Mutations are changes in the DNA that can result in no protein or an altered protein being synthesised.
Single gene mutations involve the alteration of a DNA nucleotide sequence as a result of the substitution, insertion or deletion of nucleotides.
There are three types of single gene mutations that result from nucleotide substitutions: missense, nonsense and splice-site mutations.

A substitution mutation
Missense mutations result in one amino acid being changed for another.
This may result in a non-functional protein or have little effect on the protein.
Nonsense mutations result in a premature stop codon being produced which results in a shorter protein.
Splice-site mutations result in some introns being retained and/or some exons not being included in the mature transcript.
The other type of single gene mutations that result from nucleotide insertion and nucleotide deletion, are frame-shift mutations.
Nucleotide insertions or deletions result in frame-shift mutations.
Frame-shift mutations cause all of the codons and all of the amino acids after the mutation to be changed.
This has a major effect on the structure of the protein produced.

A deletion mutation

An insertion mutation
The other types of mutations are chromosome structure mutations: duplication, deletion, inversion and translocation.

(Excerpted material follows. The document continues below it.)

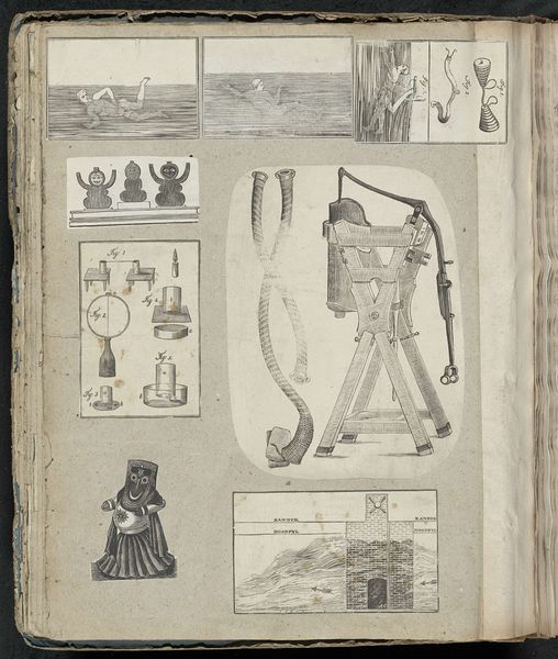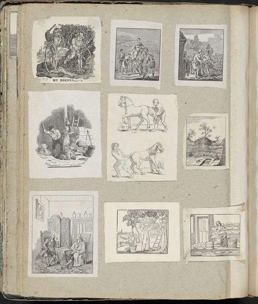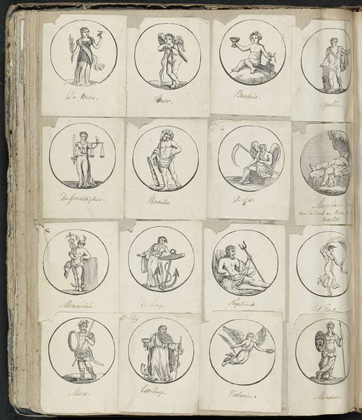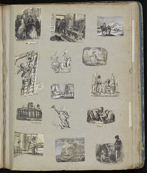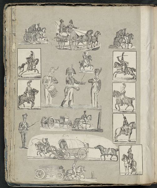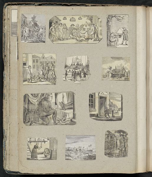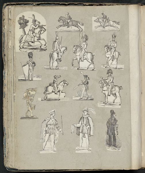 Editor: This is “Albumblad met diverse voorstellingen,” a drawing from sometime between 1814 and 1869 by Alexander Cranendoncq. It’s an assortment of pen and colored pencil sketches on paper, currently held at the Rijksmuseum. It almost feels like a sampler of different scenes and figures. What's your initial reaction? Curator: It does, doesn't it? For me, this work really exemplifies the Romantic period's fascination with capturing diverse facets of human life and narratives. You see genre painting, historical themes and figuration represented, almost like vignettes of different stories. How do you think these varied subjects speak to the social context of the time? Editor: Well, I see some that might represent daily life or even folklore… is it that Romanticism wanted to capture every aspect of life, from the mundane to the spectacular? Curator: Precisely. It was an era when national identities were solidifying and museums were becoming more public. Consider how displaying such varied images—genre scenes, historical figures, narratives—within a single album reflects a desire to create a kind of portable, personal museum. What kind of a collector would create or own something like this? Editor: Someone really curious? Like, someone wanting to know everything. And were albums like this common? Curator: Indeed. Albums like this circulated widely among the educated middle class. They speak to how people were consuming and categorizing visual information. Consider, for instance, the potential politics of including certain racialized figures among otherwise European subjects. What statements could the artist be making? Editor: Wow, I hadn't considered that aspect. It's more than just a scrapbook; it’s making some kind of statement about the world and the way things are seen. Curator: Absolutely. And understanding the social forces that shaped the imagery gives us much more context, to understand its role within a very specific historical perspective. Editor: I'll definitely look at these collections with different eyes now! Thanks for the insight. Curator: My pleasure. Recognizing the context, and politics, can transform how we understand not only these images, but museums as cultural institutions themselves.
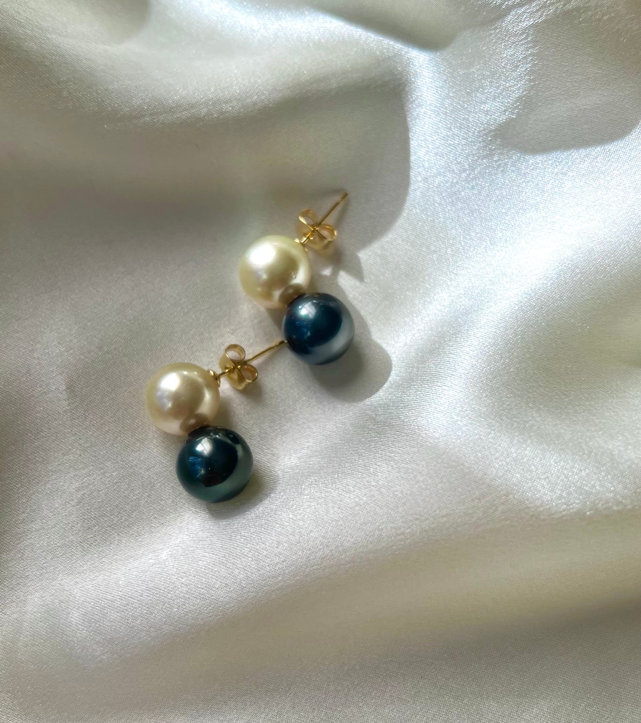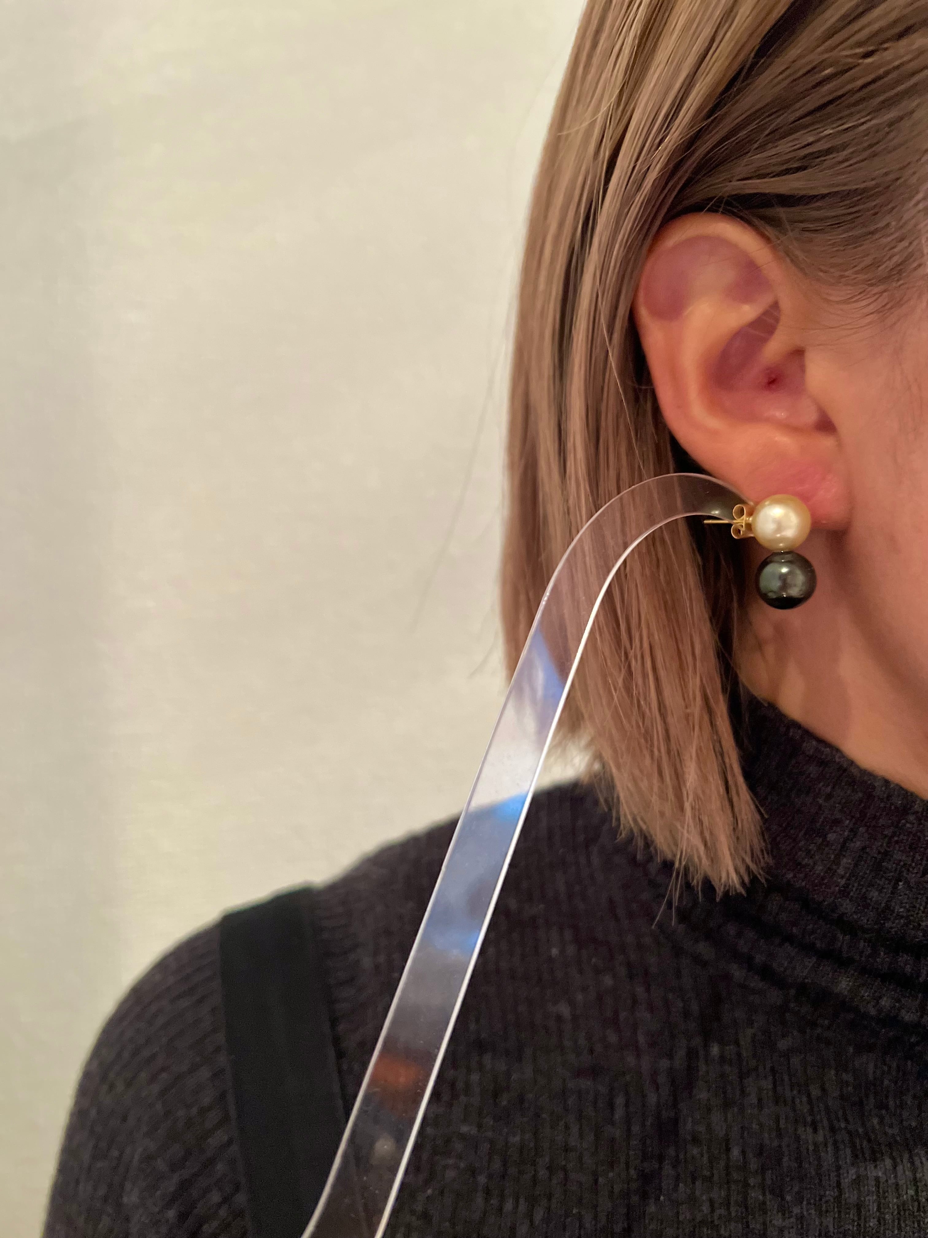 コントラストが美しいバイカラーのパールピアス(イヤリング)。

Duplication is where a section of a chromosome is added from its homologous partner.

Deletion is where a section of a chromosome is removed.

Inversion is where a section of chromosome is reversed.

Translocation is where a section of a chromosome is added to a chromosome, not its homologous partner.

The substantial changes in chromosome mutations often make them lethal.
Mutations and gene duplication are important in evolution.
Mutations bring about new variation by the production of new alleles. Without mutations there would be no new variation.
Mutations that result in gene duplication allow potential beneficial mutations to occur in a duplicated gene whilst the original gene can still be expressed to produce its protein.